§ **YOUR ASSIGNMENT**: Write out the lines below exactly, beginning at the one with "பாடசாலை மாணவர்களுக்கான உணவுட்டல்" and stopping after the one with "Säuglingsmaske PZN 09 467 455"; the pictures are not copied.

(DATASET EXCERPTS begins)

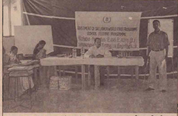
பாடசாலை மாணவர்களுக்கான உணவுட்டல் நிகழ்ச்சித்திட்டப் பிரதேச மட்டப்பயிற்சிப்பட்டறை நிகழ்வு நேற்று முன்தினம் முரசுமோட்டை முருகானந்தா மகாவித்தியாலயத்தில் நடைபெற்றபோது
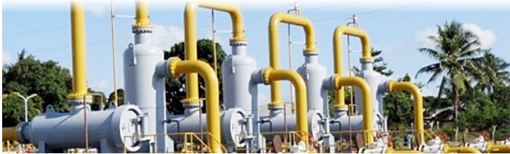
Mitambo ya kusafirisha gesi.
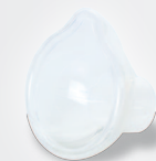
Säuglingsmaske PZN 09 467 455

(DATASET EXCERPTS ends)
(DATASET EXCERPTS begins)

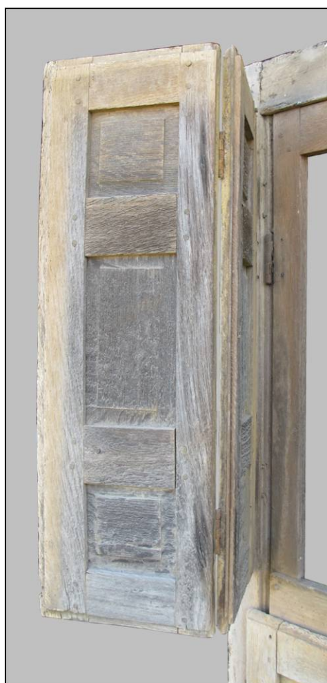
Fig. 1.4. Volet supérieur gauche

(DATASET EXCERPTS ends)

§ **RESPONSE BELOW**:
பாடசாலை மாணவர்களுக்கான உணவுட்டல் நிகழ்ச்சித்திட்டப் பிரதேச மட்டப்பயிற்சிப்பட்டறை நிகழ்வு நேற்று முன்தினம் முரசுமோட்டை முருகானந்தா மகாவித்தியாலயத்தில் நடைபெற்றபோது
Mitambo ya kusafirisha gesi.
Säuglingsmaske PZN 09 467 455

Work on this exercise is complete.